Electrochemically etched Au tips fabricated in optimized etching conditions. (a) The dependence of the average tip radius on the applied potential. (b–e) The FE-SEM images of Au tips at various applied potentials. (2.450, 2.430, 2.420, and 2.417 V, respectively, with an 80% duty cycle.) (f) The dependence of the average tip radius on the volume ratio. (g–j) The FE-SEM images of Au tips at various etchant/DI-water volume ratios. (17:3, 18:2, 19:1, and 19.5:0.5, respectively. In addition, 2.417 V was applied with a 77% duty cycle.)
After adjusting the electrical conditions for the etching process, we minutely modulated the etchant conditions. This is because the initial experiments in which the etchant conditions were varied were performed prior to optimizing the electrical-etching conditions. Furthermore, because the nanoscale dimensions of the TERS tip apex are significantly affected by both etching and environmental conditions, these conditions had to be precisely optimized. Accordingly, we controlled the etchant concentration by adding DI water to the etchant, as depicted in Figure 2d. Furthermore, as depicted in Figure 3f, the following four volume ratios of the etchant to DI water were employed: 17:3, 18:2, 19:1, and 19.5:0.5, respectively. The SEM images of the tips fabricated in these etchant conditions are depicted in Figure 3g-j with the corresponding parameters. For the volume ratio of 19:1 between the mixture of the etchant and DI water, we successfully fabricated a tip whose minimum average apex radius was approximately 20 nm, as depicted in Figure 3f. Electrochemical etching was conducted using the same electrical conditions as those in Figure 3a, except for the duty cycle of 77%.
To optimize the electrochemical etching system, the conversion of the working process from the established system that is currently being used is critical to overcoming the limitation due to human error. Notably, the most significant problem of the previous system is the absence of objective criteria at each step of the etching procedure. First, to reduce the deviations in the Rtip, the wire must be lowered by exactly the same depth each time the Au tip is fabricated. Second, to prevent the Au wire from being over-etched, the potential bias should be immediately discontinued once the etching has finished. Third, although the etched tips are rinsed using acetone, ethanol, DI water, and isopropyl alcohol after etching, the Au tip should be promptly raised to avoid contamination by the precipitate. Avoiding the precipitate-induced contamination in the etching process is important, as the contamination can disturb the formation of LSPR and subsequently diminish the Raman-signal enhancement.
Figure 4a depicts the connections between the different components of the electrochemical etching system.
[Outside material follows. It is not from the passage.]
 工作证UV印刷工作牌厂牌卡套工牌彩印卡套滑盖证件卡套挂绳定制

The waveform generator, multimeter, and stepper controller are connected with the computer, and the stepper motorized actuator is connected only with the stepper controller. The computer gathers information of the electrical parameters, such as current and voltage, as a function of time and then controls the waveform generator and the stepper controller by employing the current value that was previously attained. The workflow of this etching system comprises the following three operations: lowering, etching, and returning to the start position, as depicted in Figure 4b. To ensure that the immersion depth of each Au wire is the same, we must fix the starting point of the lowering step. Once the Au wire starts touching the surface of the etchant with the bias applied, the current rapidly increases to over 0.8 mA. In addition, to avoid pre-etching, the computer discontinues the applied bias and prevents the tip from moving as soon as the etching operation is complete. After lowering the wire by 0.1 mm, the electrochemical etching of the wire begins by implementing the previously optimized conditions provided in Figure 3. Upon the completion of the etching operation, the value of the current decreases to zero because the Au tip is separated from the etchant (short circuit in Figure 4b), and the waveform generator immediately shuts down. Finally, the etched Au tip is lifted to the starting position before being lowered.
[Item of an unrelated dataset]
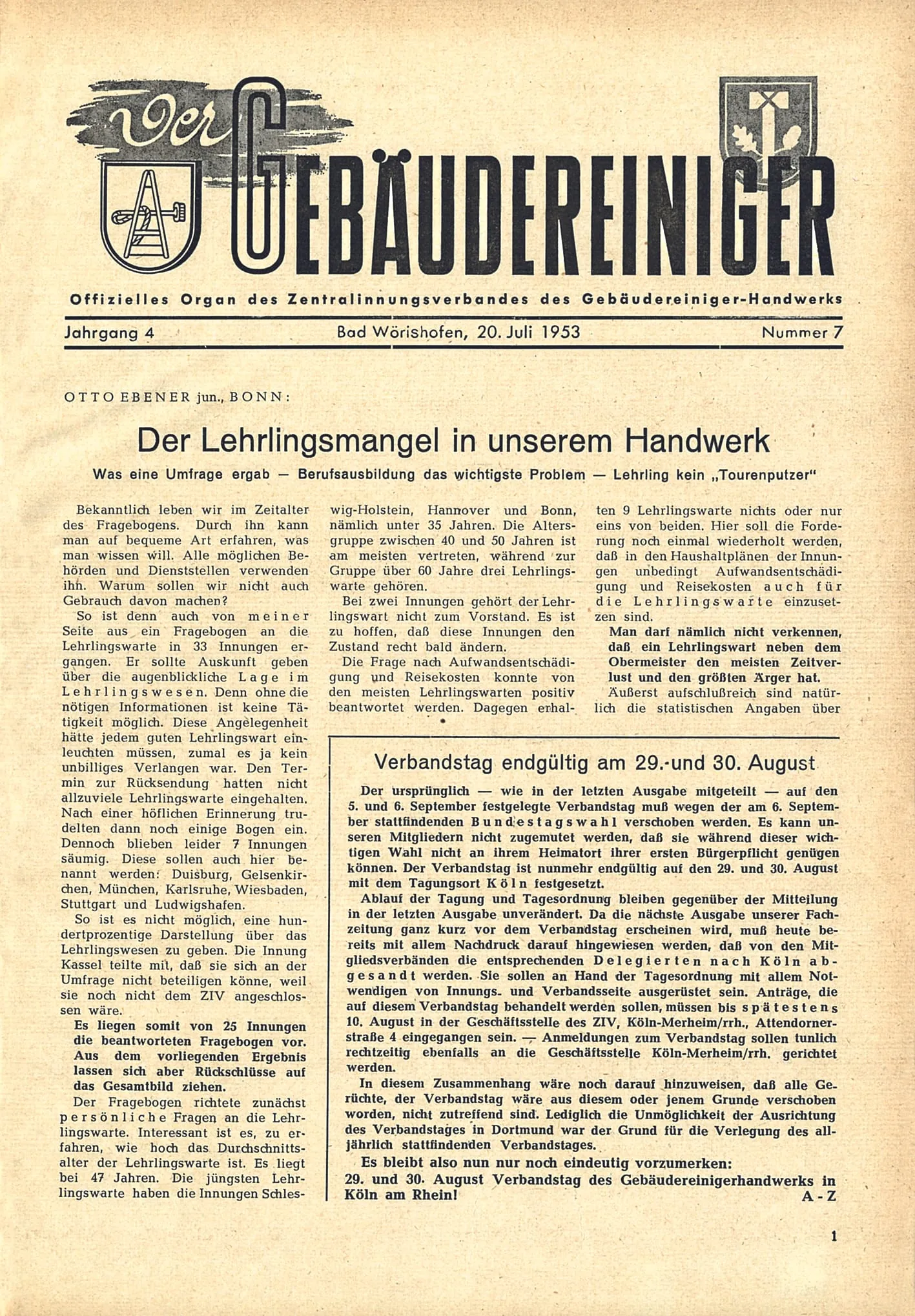 Name und Struktur der Zeitschrift ändern sich in den folgenden Jahren mehrmals. Aus "Der Glas- und Gebäudereiniger" wird im Zuge der Namensänderung des Zentralinnungsverbandes zunächst "Der Gebäudereiniger. Offizielles Organ des Zentralinnungsverbands des Gebäudereiniger-Handwerks". Im Oktober 1953 schlägt sich die Umbenennung des Zentralinnungsverbands in Bundesinnungsverband des Gebäudereiniger-Handwerks (BIV) im Untertitel der Zeitschrift nieder. Nach der zeitweiligen Aufspaltung der Berufsorganisation – in Bundesinnungsverband und Fachverband – erscheint "Der Gebäudereiniger" ab Dezember 1954 als offizielles Organ beider Verbände. Zuständig für Beiträge aus dem Bereich des Bundesinnungsverbands ist Georg Röwer (Hannover), Beiträge aus dem Fachverband verantwortet dessen Präsident Arthur Frommholz (München).

Algorithms of automated etching system and histogram for the tips fabricated using this system. (a) The electrochemical-etching equipment in the system and the connections among the components. (b) The workflow of the electrochemical etching system. (c) Scatter diagram that depicts the variations in the Rtip. The yellow solid line represents the average radius value.
To confirm that the automated system is satisfactorily designed, we verified the accuracy and precision of this system by measuring the radius of the tip apex (see Figure 4c). Before installing the automated etching system, the criterion for calculating the yield rate of the fabricated TERS tip is the apex radius of 100 nm. Based on this criterion, the yield rate shown in Figure 3i is approximately 65%, whereas the yield rate increases to 90% for the criterion value of 50 nm and 99% for the criterion value of 100 nm for this automated etching system. The standard deviation of the Rtip is 7.3 nm, which is substantially lower than that in the previous value. Therefore, we demonstrated that one can fabricate TERS tips in a precise and safe manner under the optimized conditions by eliminating human errors.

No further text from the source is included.